Oh, he's the guy who used to talk about pine trees on TV -- "many parts
are edible."  (He never said which parts, though.  They made him stop
for fear that kids would start eating random parts of trees, edible or
not.)


#20 of 25 by twolf on Thu Nov 17 01:28:57 1994:

Well, actually in his books he did say which parts are edible and which
aren't.  Although the books were published in the late 60's, so it's a
good idea to check with more recent books to see if some one else has found
out a specific plant is potentially dangerious.
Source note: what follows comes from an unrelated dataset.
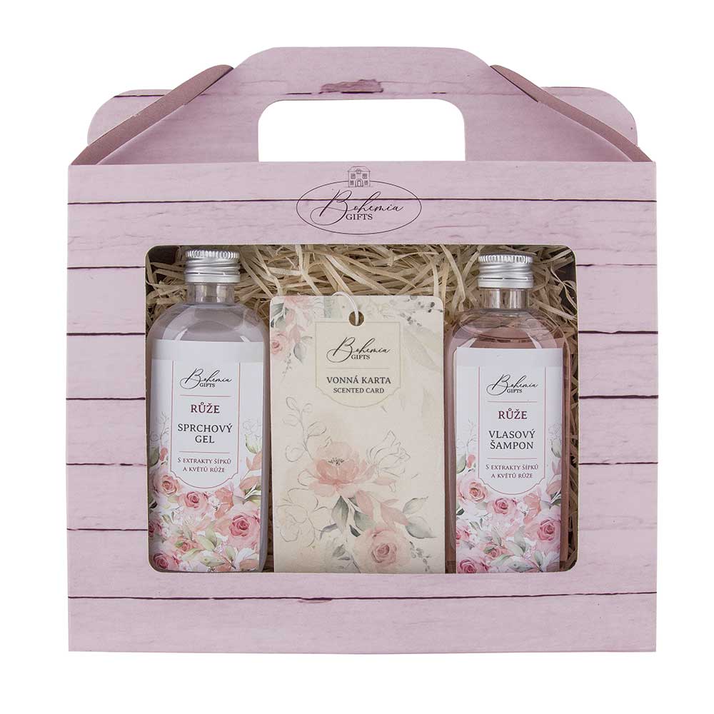 Sada obsahuje: Sprchový gel s extrakty z šípků a květů růže 100 ml Vlasový šampon s extrakty z šípků a květů růže 100 ml Ručně parfémovaná aromatická karta s vůní růže

Like sassafrass leaf is the
only part ofthe plant considered still safe to use.  Although the bark and
root bark was once commonly used as a commercial flavoring.
  Gibbons was also the guy on the Grapenuts commercials in the early 70's.


#21 of 25 by keesan on Tue Jan 13 00:00:44 1998:

We have a pressure canner that people may borrow (but we should be present
the first time it is used).  Pressure canning is supposed to be much faster
than open kettle.  And we have never had anything spoil, but we reboil
anything in which the lid does not go down.
        This year we filled a freezer with:  turnip, mustard, amaranth and
collard greens, snow peas, green beans, eggplant (all cooked briefly first
following instructions in Putting Things By), raw peppers, cooked squash, and
raw blueberries (first frozen on a tray so they would freeze separately) and
raw unpeeled peaches.  The peaches are turning brown but taste good (they did
not expand as expected).  But I have little experience cooking with frozen
foods.  They seem to have lost some flavor and are too mushy to stir fry. 
We are tired of mushy stir-fry and soups, and would appreciate new ways to
use the above.  (We also froze apples, but that was an accident.  Half of them
turned brown and taste awful but the others are edible.)  Any suggestions must
be vegan, no salt or sugar added.  (A fanatically healthy eater insists).


#22 of 25 by valerie on Tue Jan 13 20:58:53 1998:

With a blender, you could make interesting slushy juices like the ones at Joe
Joe's from frozen fruit.  I dunno how appealing that is in January, though.


#23 of 25 by e4808mc on Thu Jan 15 00:38:07 1998:

The fruits and veges turn mushy because when the water in each cell freezes,
it expands.  This breaks the cell walls, and in many fruits and vegetables
the amount of water is so great that not much cellular structure is left to
hold the juices.  Many vegetable melanges like raitatouille (big guess ont
he spelling there) caponata, etc can be made from these frozen veges because
the integrity of the shape is not as important to mouth-feel as it might be
in stir-fry.  

Personally, I make up the prepared dishes before I freeze things.  

You might look up "vegetable stews" as a heading in which mushed up vege
dishes would be found.


#24 of 25 by keesan on Thu Jan 15 01:29:13 1998:

The vegetables were coming at us this summer and fall much too fast to make
up prepared dishes.  In fact they tended to sit in the refrigerator for a week
or so before we found the time to parboil and freeze them.  I will try more
casserole type stuff, including ratatouille.  (We froze tomatoes too.)  Have
never tried frozen blueberry slurp, or whatever it is called, but a friend
made gallons of it last fall.  They are good just plain frozen, too.


#25 of 25 by keesan on Sat Mar 14 16:55:14 1998:

Our frozen vegetables seem to have lost most of their flavor, along with water
soluble vitamins and minerals, to the water used to blanch them.  We don't
normally boil water.  I ran across half a page instructions on how to
microwave vegetables for freezing, but not very explicit.  ANyone ever try
that?  A library cookbook had one recipe involving ziplock bags, freeze in
the bag after microwaving with it partly open.